##### INFORMATION #####

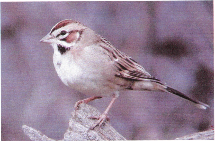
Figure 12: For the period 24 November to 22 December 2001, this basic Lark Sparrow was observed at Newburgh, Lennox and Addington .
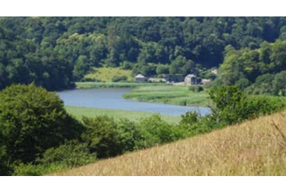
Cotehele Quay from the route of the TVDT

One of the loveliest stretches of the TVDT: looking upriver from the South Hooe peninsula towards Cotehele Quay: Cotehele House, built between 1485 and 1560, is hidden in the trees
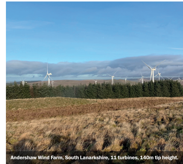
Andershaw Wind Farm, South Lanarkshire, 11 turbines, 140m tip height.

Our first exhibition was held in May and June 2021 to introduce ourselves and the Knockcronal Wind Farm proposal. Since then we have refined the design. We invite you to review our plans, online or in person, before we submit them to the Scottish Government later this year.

#####
##### INFORMATION #####

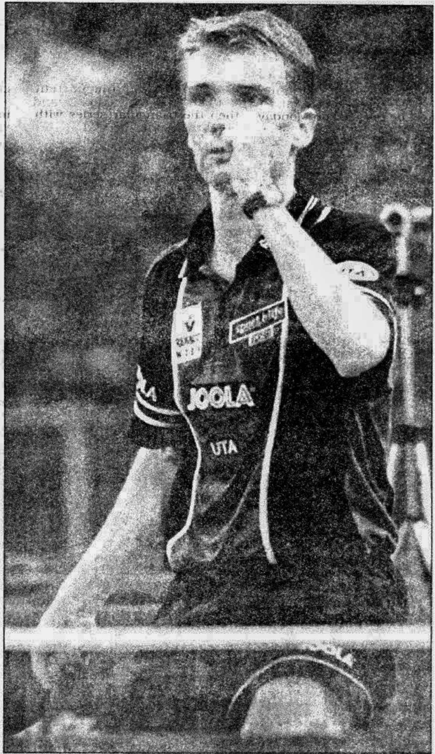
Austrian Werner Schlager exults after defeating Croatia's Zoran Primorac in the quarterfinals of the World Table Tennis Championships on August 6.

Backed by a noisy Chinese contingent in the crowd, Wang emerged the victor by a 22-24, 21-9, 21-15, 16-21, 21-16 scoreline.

#####

• **PROBLEM STATEMENT**
In the data above, find the line with "One of the loveliest" and the line with "Our first exhibition". Please copy exactly those two lines and every line between them, but not the pictures.

• **RESPONSE AREA**
One of the loveliest stretches of the TVDT: looking upriver from the South Hooe peninsula towards Cotehele Quay: Cotehele House, built between 1485 and 1560, is hidden in the trees
Andershaw Wind Farm, South Lanarkshire, 11 turbines, 140m tip height.

Our first exhibition was held in May and June 2021 to introduce ourselves and the Knockcronal Wind Farm proposal. Since then we have refined the design. We invite you to review our plans, online or in person, before we submit them to the Scottish Government later this year.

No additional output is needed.